__INSTRUCTIONS TO FOLLOW__
Starting at the line that contains "Xceptional son out", transcribe each line exactly through the end of the data below, and skip any pictures.

__EXERCISE DATA__

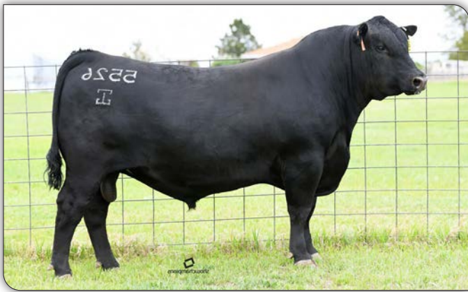
GAR Quantum - Sire of Lots 8,9,10.

Xceptional son out of a Sunrise daughter. Calving-ease bull with carcass; Top 20% $C, $B and RE. CONSIGNED BY BOYETT FARMS
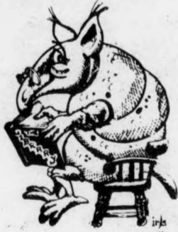
ARMIE The RIVERVIEW ARMS ARMADILLO

__YOUR SOLUTION__
Xceptional son out of a Sunrise daughter. Calving-ease bull with carcass; Top 20% $C, $B and RE. CONSIGNED BY BOYETT FARMS
ARMIE The RIVERVIEW ARMS ARMADILLO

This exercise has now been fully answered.